On 28/05/13 15:16, Mark Rogers wrote:
On 28 May 2013 14:40, steve-ALUG@hst.me.uk wrote:
Could you be a bit more specific as to what the errors are?
At a cursory glance, as per http://paste.ubuntu.com/5709668/, although with "ata4" replaced by "ata3"
OK
Could be a controller, or possibly both disks have failed somehow. Could it be software config somehow? I guess it could perhaps be PSU, if it wasn't supplying correct power to the drives, but I'd think that was unlikely.
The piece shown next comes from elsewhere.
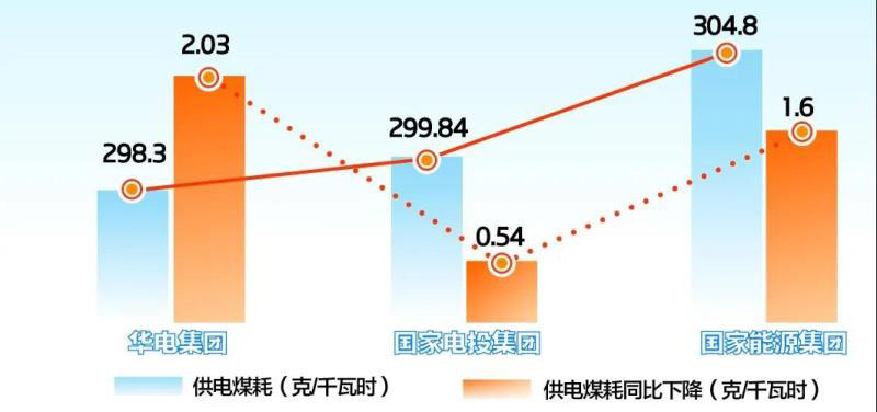 2019年,華電集團供電煤耗完成298.3克/千瓦時,同比下降2.03克/千瓦時,實現(xiàn)了300克/千瓦時以下的歷史性突破。國家電投集團供電煤耗同比降0.54克/千瓦時,為299.84克/千瓦時。國家能源集團供電煤耗完成304.8克/千瓦時,同比下降1.6克/千瓦時。(華能集團、大唐集團數(shù)據(jù)略)

I've just put one of the disks into my USB caddy again and have successfully mounted the raid partition (as read-only). Trying to copy files off I'm getting errors: May 28 15:03:22 localhost kernel: [1123077.252040] sd 12:0:0:0: [sdc] Unhandled sense code May 28 15:03:22 localhost kernel: [1123077.252052] sd 12:0:0:0: [sdc] May 28 15:03:22 localhost kernel: [1123077.252058] Result: hostbyte=DID_OK driverbyte=DRIVER_SENSE May 28 15:03:22 localhost kernel: [1123077.252064] sd 12:0:0:0: [sdc] May 28 15:03:22 localhost kernel: [1123077.252068] Sense Key : Medium Error [current] May 28 15:03:22 localhost kernel: [1123077.252076] sd 12:0:0:0: [sdc] May 28 15:03:22 localhost kernel: [1123077.252081] Add. Sense: Unrecovered read error May 28 15:03:22 localhost kernel: [1123077.252087] sd 12:0:0:0: [sdc] CDB: May 28 15:03:22 localhost kernel: [1123077.252090] Read(10): 28 00 03 2b dc 00 00 00 f0 00 May 28 15:03:22 localhost kernel: [1123077.252108] end_request: critical target error, dev sdc, sector 53206016
That seems to suggest that a hardware problem in the host server isn't the issue.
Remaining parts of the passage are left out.